_WHAT YOU ARE ASKED TO DO_:
Repeat verbatim, and only, the lines of the data below, beginning at the line that contains "不仅如此,两人还在5.20当" and stopping after the line that contains "上部及底部防滑扣结合力检测服务详情1、标准试验方法 拉链强度 ASTM".

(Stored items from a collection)
□ □ □ □

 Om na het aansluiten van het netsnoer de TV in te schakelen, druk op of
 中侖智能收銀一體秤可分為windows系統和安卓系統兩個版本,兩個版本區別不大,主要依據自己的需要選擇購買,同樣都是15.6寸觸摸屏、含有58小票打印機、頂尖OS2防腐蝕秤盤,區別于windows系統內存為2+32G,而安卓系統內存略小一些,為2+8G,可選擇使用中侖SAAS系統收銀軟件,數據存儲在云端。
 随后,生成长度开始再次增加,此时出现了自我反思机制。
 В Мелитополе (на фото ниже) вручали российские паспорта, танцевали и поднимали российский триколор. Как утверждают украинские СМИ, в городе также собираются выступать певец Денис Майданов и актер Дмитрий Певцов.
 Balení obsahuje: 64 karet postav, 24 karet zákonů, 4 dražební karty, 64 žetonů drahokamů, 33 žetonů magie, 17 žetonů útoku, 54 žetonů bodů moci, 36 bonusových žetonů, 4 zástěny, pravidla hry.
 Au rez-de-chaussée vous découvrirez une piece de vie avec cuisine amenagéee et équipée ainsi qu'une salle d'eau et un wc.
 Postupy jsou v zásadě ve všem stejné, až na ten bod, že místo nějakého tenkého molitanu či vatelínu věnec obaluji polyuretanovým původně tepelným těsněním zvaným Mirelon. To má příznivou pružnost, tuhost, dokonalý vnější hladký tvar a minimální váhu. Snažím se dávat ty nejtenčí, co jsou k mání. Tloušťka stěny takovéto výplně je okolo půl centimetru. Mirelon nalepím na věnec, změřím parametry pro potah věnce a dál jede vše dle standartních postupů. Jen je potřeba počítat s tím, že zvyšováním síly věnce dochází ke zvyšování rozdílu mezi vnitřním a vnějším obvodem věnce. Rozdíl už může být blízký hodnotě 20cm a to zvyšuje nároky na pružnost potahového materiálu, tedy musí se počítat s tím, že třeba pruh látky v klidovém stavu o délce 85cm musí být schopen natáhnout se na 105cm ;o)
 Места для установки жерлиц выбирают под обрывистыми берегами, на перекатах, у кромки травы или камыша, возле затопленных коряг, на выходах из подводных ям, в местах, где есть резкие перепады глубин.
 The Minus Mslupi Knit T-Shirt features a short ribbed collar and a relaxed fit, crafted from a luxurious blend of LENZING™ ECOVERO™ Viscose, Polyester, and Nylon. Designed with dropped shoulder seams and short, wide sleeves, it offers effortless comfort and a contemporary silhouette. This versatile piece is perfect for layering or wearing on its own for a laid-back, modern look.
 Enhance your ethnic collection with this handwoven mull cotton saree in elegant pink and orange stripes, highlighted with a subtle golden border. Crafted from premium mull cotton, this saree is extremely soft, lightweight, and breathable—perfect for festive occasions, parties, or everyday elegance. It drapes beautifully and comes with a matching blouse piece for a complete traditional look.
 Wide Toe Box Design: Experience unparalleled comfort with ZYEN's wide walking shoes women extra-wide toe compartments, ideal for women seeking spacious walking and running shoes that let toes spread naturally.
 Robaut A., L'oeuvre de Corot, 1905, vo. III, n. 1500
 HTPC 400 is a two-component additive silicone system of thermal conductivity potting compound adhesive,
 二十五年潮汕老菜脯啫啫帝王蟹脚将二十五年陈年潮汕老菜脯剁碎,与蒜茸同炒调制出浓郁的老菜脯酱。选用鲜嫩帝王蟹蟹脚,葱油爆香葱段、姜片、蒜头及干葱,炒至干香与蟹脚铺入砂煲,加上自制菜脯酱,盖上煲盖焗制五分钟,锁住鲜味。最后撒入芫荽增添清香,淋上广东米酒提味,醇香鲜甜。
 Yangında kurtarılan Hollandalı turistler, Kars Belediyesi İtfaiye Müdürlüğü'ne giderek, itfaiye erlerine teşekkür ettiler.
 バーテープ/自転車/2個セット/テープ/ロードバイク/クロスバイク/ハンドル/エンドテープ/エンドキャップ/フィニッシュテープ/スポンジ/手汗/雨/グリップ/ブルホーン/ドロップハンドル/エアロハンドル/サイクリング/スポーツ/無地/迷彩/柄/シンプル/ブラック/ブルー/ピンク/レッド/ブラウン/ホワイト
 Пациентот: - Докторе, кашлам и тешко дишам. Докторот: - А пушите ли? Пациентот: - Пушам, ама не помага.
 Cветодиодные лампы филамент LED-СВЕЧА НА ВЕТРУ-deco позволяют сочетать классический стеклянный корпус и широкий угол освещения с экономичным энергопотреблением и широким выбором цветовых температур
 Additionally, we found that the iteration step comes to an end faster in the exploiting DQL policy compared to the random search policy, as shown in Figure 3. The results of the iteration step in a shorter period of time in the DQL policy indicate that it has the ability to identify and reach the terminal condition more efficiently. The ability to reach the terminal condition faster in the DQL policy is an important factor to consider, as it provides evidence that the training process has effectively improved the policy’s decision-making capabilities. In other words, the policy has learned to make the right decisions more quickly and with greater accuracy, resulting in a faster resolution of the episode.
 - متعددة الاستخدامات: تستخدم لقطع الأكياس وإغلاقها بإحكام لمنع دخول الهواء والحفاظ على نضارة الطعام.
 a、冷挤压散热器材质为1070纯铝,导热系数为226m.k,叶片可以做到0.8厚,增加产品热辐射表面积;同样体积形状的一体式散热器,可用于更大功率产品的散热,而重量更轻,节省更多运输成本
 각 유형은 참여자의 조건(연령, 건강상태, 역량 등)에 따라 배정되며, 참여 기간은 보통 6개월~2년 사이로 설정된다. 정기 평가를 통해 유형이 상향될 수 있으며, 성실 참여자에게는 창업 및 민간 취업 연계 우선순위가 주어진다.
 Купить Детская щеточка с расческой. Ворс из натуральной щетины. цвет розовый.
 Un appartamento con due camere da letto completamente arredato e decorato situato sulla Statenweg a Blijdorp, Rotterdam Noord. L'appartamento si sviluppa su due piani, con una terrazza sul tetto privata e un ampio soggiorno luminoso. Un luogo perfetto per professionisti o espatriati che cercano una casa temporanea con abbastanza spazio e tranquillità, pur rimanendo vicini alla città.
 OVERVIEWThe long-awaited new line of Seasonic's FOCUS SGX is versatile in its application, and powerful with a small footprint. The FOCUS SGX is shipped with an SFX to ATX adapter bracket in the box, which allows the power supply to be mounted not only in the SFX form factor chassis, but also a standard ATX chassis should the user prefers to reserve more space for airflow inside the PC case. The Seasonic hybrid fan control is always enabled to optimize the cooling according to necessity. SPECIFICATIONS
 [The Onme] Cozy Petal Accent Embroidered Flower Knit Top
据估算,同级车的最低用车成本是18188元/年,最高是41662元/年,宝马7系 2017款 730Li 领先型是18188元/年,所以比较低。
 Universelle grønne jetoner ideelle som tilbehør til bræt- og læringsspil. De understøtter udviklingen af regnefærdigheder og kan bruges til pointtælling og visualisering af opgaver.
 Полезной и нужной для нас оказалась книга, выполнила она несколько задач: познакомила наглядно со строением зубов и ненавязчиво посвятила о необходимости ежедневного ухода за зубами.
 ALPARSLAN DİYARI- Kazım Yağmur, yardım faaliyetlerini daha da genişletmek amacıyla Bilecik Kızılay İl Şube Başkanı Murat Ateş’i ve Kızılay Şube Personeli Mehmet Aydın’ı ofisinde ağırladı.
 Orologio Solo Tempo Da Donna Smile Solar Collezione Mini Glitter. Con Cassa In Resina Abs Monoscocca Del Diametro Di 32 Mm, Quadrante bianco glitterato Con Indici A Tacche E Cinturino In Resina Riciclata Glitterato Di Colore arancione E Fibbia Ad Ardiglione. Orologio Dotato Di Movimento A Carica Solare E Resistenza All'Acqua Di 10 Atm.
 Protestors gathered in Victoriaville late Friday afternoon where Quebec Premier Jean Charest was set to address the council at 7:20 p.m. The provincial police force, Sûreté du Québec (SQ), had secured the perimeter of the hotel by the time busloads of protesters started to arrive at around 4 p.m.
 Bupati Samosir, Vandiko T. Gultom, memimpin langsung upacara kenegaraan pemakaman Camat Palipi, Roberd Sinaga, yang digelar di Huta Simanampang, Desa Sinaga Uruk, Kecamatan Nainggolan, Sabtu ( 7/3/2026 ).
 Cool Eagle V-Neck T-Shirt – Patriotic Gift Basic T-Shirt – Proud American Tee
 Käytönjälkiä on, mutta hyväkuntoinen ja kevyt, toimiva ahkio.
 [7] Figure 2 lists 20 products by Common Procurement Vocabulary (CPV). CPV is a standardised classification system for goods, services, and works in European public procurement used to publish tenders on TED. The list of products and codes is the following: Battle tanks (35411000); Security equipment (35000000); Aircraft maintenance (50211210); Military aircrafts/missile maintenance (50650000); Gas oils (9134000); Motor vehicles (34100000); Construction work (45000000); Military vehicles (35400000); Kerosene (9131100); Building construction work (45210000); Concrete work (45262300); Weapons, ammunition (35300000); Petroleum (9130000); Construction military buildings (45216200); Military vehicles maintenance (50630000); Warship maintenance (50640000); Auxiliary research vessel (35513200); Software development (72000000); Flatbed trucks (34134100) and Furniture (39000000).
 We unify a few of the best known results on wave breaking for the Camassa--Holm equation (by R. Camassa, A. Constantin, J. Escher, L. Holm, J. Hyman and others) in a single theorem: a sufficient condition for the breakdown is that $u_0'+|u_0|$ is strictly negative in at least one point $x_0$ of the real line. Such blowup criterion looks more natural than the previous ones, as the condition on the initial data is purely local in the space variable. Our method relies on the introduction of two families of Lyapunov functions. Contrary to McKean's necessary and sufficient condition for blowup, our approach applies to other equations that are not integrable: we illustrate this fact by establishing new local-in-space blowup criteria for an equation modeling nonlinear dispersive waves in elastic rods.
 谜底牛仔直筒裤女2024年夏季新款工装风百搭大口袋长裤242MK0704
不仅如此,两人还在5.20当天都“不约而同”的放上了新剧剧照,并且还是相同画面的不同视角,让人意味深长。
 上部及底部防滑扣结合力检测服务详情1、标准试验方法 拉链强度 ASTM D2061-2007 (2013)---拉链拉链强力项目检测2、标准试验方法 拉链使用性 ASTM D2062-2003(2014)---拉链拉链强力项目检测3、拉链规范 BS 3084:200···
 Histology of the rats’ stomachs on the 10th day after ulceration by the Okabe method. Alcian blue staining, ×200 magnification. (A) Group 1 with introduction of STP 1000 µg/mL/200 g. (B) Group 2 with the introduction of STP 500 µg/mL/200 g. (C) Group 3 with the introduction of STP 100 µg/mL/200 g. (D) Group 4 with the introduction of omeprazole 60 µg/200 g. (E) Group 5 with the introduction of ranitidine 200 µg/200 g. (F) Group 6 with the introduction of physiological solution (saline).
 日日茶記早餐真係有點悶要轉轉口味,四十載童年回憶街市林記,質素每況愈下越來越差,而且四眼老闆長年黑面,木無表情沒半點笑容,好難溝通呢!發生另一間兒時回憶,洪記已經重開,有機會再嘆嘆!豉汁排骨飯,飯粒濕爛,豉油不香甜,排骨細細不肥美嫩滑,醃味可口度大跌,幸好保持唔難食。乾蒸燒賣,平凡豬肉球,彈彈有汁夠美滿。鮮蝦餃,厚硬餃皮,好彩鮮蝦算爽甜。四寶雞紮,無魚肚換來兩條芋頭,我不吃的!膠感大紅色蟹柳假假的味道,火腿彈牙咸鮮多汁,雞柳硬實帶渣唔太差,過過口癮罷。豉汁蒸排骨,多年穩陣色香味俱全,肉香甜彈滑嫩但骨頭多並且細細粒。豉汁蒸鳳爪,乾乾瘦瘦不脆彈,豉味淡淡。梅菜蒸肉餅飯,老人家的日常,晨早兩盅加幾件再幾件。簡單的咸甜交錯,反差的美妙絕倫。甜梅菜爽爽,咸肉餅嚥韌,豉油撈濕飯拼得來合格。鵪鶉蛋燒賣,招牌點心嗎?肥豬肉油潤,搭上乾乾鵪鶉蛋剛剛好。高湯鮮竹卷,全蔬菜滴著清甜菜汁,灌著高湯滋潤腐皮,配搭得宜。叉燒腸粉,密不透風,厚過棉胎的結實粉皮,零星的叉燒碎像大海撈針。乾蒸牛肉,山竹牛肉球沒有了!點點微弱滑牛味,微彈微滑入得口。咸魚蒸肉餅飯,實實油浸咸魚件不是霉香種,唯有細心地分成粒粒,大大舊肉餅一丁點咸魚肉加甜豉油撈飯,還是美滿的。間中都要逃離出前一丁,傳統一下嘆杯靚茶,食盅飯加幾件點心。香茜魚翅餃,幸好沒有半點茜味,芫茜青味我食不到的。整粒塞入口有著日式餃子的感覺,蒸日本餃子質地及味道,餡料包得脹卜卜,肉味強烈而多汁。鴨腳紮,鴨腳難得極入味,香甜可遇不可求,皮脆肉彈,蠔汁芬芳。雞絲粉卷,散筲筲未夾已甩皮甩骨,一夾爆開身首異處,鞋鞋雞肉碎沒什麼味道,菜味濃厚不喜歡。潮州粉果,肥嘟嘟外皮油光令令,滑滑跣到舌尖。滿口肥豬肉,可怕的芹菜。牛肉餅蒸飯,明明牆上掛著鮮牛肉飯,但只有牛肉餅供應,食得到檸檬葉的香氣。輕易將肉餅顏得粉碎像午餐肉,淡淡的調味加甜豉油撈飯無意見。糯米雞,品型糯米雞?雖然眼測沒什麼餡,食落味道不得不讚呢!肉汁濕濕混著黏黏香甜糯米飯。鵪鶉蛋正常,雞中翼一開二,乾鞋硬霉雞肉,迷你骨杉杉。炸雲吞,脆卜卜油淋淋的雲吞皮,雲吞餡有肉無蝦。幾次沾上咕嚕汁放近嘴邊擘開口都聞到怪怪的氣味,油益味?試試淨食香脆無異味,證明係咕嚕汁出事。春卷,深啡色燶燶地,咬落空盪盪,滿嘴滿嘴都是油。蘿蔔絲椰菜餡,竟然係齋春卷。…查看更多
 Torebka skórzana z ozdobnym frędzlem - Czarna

□ □ □ □

_WRITTEN SOLUTION_:
不仅如此,两人还在5.20当天都“不约而同”的放上了新剧剧照,并且还是相同画面的不同视角,让人意味深长。
 上部及底部防滑扣结合力检测服务详情1、标准试验方法 拉链强度 ASTM D2061-2007 (2013)---拉链拉链强力项目检测2、标准试验方法 拉链使用性 ASTM D2062-2003(2014)---拉链拉链强力项目检测3、拉链规范 BS 3084:200···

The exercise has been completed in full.